WORK TASK -
Begin the copy at the line containing "ANSICHT WEST M 1:500" in the data below and end it at the line containing "Die Teilnehmerinnen und", keeping each line exact and leaving out pictures.

*** Opening TASK DATA ***

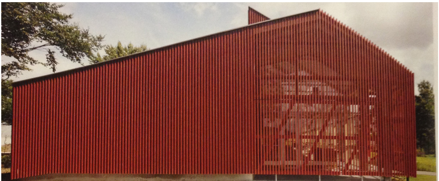
Afbeelding 3. Referentiebeelden van simpele agrarische vormen en eenvoudig materiaalgebruik
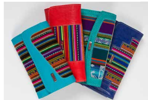
80054 Geldtasche, Manta, mittel, sort. Innenleben aus Kunststoff 80055 Geldtasche, Manta, groß, blau 80056 Geldtasche, Manta, groß, türkis 80057 Geldtasche, Manta, groß, rot 80058 Geldtasche, Manta, mittel, türkis
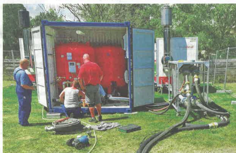
Neuland für die Stadtwerke: Ein mobiles Heizwerk übernahm zeitweise die Wärmeversorgung.

Mobiles Heizwerk Die Fernwärmehauptleitung verläuft auch unterm Gelände der Havelland-
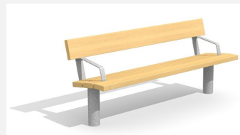
BT.021.BA Bank Sola mit Armlehne
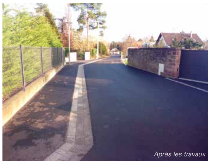
Après les travaux

Nous remercions les riverains qui ont fait preuve de patience et les différents intervenants ayant permis le bon déroulement de ce chantier.
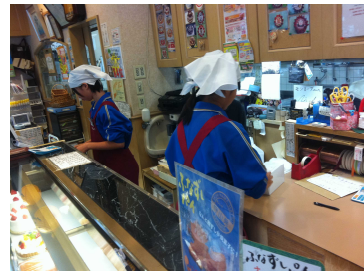
【職場体験学習の様子】
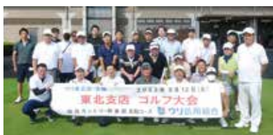
▲ウリ東北会ゴルフ大会
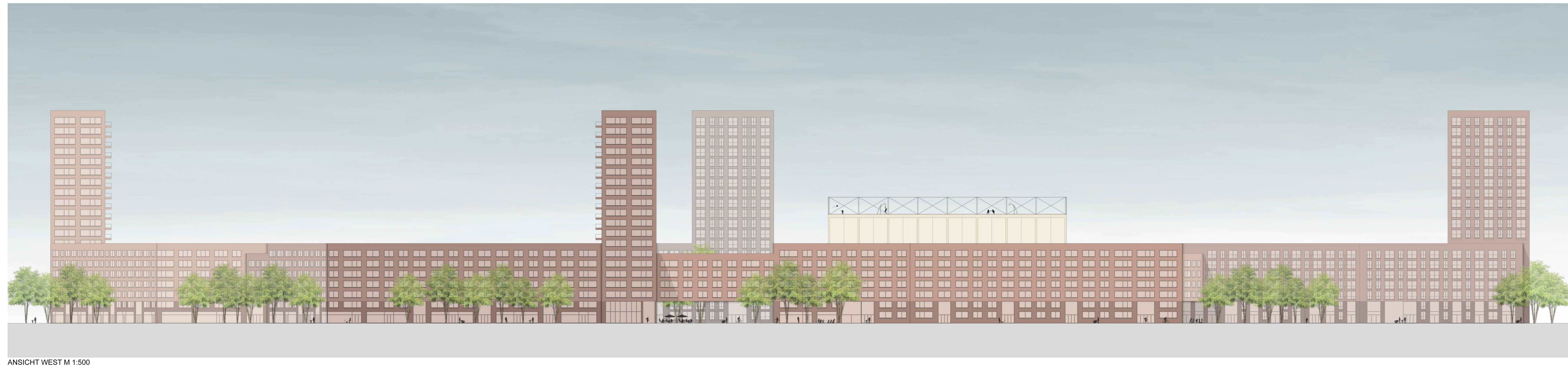
ANSICHT WEST M 1:500
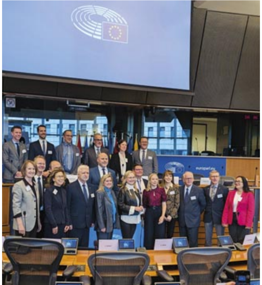
Die Teilnehmerinnen und Teilnehmer der Sitzung des Ständigen Ausschusses der Ostseeparlamentarierkonferenz (BSPC) im Europäischen Parlament.

Die Mitglieder des Ständigen Ausschusses haben sich unter der Leitung der aktuellen BSPC-Vorsitzenden und Präsidentin des Schleswig-Holsteinischen Landtages, Kristina Herbst, inhaltlich mit der geopolitischen Situation im Ostseeraum auseinandergesetzt. Dabei standen die Entwicklungen in der Arktis und rund um Grönland im Mittelpunkt. Themen waren auch: die Verhandlungen über den nächsten mehrjährigen Finanzrahmen (MFR) der EU und zu seinen Auswirkungen auf die Ostseeregion sowie über den Ausbau der Jugendbeteiligung im Rahmen der BSPC.
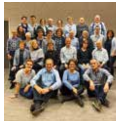
Heart & Soul

Voor of na afloop kan je heerlijk struinen door de winkel van het buitencentrum. Hier vind je (natuur) boeken, streekproducten en souvenirs. Voor een hapje en drankje kan je in de Peelkiosk terecht. Het buitencentrum is elke dag geopend van 10.00 tot 17.00 uur. Meer informatie: www.staatsbosbeheer.nl/depelen of neem contact op met het buitencentrum via: depelen@staatsbosbeheer.nl of telefonisch: 0495 - 641 497.
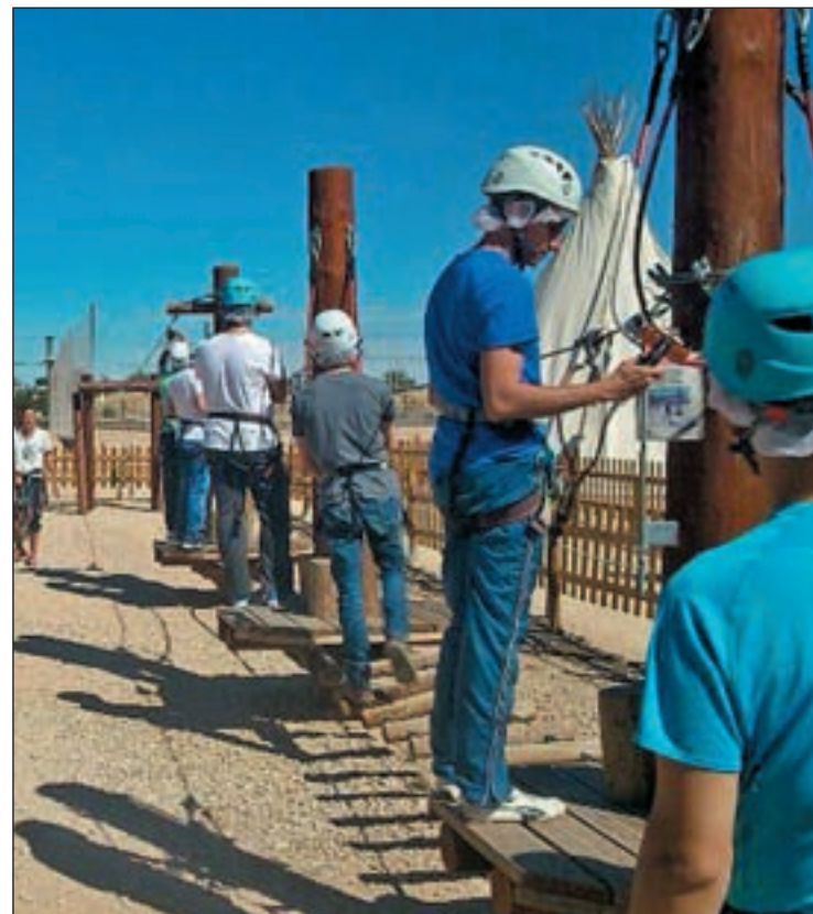
Miembros del Consejo de Juventud disfrutando en una tiroliana

El uso de las redes sociales y la difusión de las actividades de las asociaciones a través de la Red es

*** Closing TASK DATA ***

WRITTEN REPLY -
ANSICHT WEST M 1:500
Die Teilnehmerinnen und Teilnehmer der Sitzung des Ständigen Ausschusses der Ostseeparlamentarierkonferenz (BSPC) im Europäischen Parlament.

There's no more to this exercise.